Protests are by common people

The Anti-government campaigns are not backed by Military

The protests against Government were launched by Pakistan Tehreek-e-Insaaf (PTI) and Pakistan Awami Tehreek (PAT) on 13th August. Its more than forty days and protesters are still doing sit-in protest in Islamabad. On 19th August, the protest marched towards the Parliament House, attacked building of PTV and later on moved away from Red Zone after clash with police.

The media and political circles kept on chanting about Martial law and Pakistan army’s biasness on Azadi/Inqilab March. But, Inter Service Public Relations (ISPR) has categorically stated that army will follow the constitution and stands with democracy. The military has clearly stated it is not behind the ongoing anti-government protests in the country. The official military statement said that Pakistan Army is neutral and neither with any political party nor group rather the organization has suggested political groups to sort out the differences and resolve it through dialogue. But these public statements have not stopped politicians and few journalists from raising questions.

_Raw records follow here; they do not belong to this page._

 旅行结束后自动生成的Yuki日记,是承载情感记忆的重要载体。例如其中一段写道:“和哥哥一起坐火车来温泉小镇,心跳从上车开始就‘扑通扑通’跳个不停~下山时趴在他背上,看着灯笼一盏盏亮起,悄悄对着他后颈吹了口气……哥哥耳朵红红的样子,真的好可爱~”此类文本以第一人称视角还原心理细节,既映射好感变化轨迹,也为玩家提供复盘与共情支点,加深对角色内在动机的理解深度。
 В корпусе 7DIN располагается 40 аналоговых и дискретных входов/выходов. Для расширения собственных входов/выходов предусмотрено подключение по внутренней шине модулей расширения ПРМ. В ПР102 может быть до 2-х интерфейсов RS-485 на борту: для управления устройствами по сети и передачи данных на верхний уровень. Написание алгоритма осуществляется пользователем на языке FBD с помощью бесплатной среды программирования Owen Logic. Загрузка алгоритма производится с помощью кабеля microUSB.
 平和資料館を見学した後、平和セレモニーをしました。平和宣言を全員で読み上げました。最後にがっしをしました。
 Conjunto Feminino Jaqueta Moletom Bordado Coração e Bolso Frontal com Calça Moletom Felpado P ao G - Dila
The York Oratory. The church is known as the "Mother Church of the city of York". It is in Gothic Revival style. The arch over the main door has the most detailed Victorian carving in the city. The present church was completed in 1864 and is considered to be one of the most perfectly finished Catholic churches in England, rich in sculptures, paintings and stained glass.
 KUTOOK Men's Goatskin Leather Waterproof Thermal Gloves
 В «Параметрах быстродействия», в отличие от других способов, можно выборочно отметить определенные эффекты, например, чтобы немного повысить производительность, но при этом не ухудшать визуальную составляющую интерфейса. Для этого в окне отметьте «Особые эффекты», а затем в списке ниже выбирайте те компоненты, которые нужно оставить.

Last month, in August, some politicians tried to create an impression that the army chief was willing to act as a “mediator” and “guarantor” to resolve current political crisis. But the military clarified that the government had requested the army to play a “facilitative role” in the process. It is very regrettable that politicians and political parties are dragging Pakistan army into their political statements. However, Army has categorically abstained from getting into politics.

In one of Wajahat Ali’s articles published in Central News Asia,  he said:  ‘It is not clear why the officers present at the meeting were taking notes, if the army was only acting as a “facilitator”.’ He has referred to one of Dr Tahir-ul-Qadri’s interview with Channel NewsAsia in which Dr. Qadri said:

“There was just one session in which our party leaders, some government ministers and two or four army officers sat together. They were taking notes. The same thing happened with the PTI dialogue. This one dialogue session took place under the army’s mediatory role on Nawaz Sharif’s request.”

During meetings, it is official decorum to write down notes. Just because army officials, who were present during negotiations, were writing down points of meeting doesn’t mean that they had some other intentions. In order to give progress of meetings to higher authorities, army officers as well as bureaucrats have to submit written documents. Therefore, they have to write down points of all meetings.

Instead of spreading rumours, media and journalists should focus on right reporting. The current situation is worse of the kind if we look into history of Pakistan. It is not difficult for Army to takeover but the respected institution is showing its commitment for democracy. All social circles should appreciate the positive role of Pakistan Army instead of raising questions on its sincerity.